## Given information
= = =

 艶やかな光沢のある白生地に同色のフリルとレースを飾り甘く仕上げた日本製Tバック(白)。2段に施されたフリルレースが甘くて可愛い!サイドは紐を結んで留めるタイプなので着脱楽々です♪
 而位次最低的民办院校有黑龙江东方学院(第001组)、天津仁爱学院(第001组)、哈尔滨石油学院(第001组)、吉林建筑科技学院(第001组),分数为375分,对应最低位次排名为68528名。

= = =

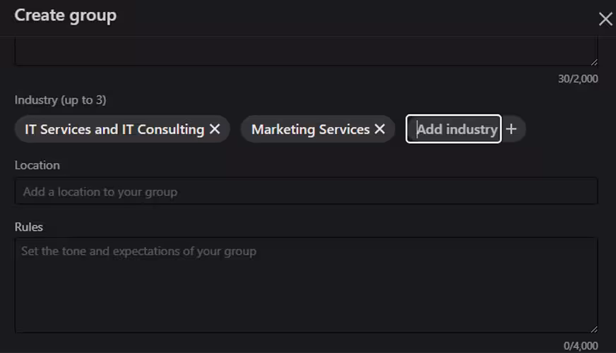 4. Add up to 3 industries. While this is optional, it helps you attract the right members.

= = =

## What is being asked
From the data above, output only the lines between the line containing "艶やかな光沢のある白生地に同" and the line containing "而位次最低的民办院校有黑龙江", inclusive, exactly as written.

## Solution below
 艶やかな光沢のある白生地に同色のフリルとレースを飾り甘く仕上げた日本製Tバック(白)。2段に施されたフリルレースが甘くて可愛い!サイドは紐を結んで留めるタイプなので着脱楽々です♪
 而位次最低的民办院校有黑龙江东方学院(第001组)、天津仁爱学院(第001组)、哈尔滨石油学院(第001组)、吉林建筑科技学院(第001组),分数为375分,对应最低位次排名为68528名。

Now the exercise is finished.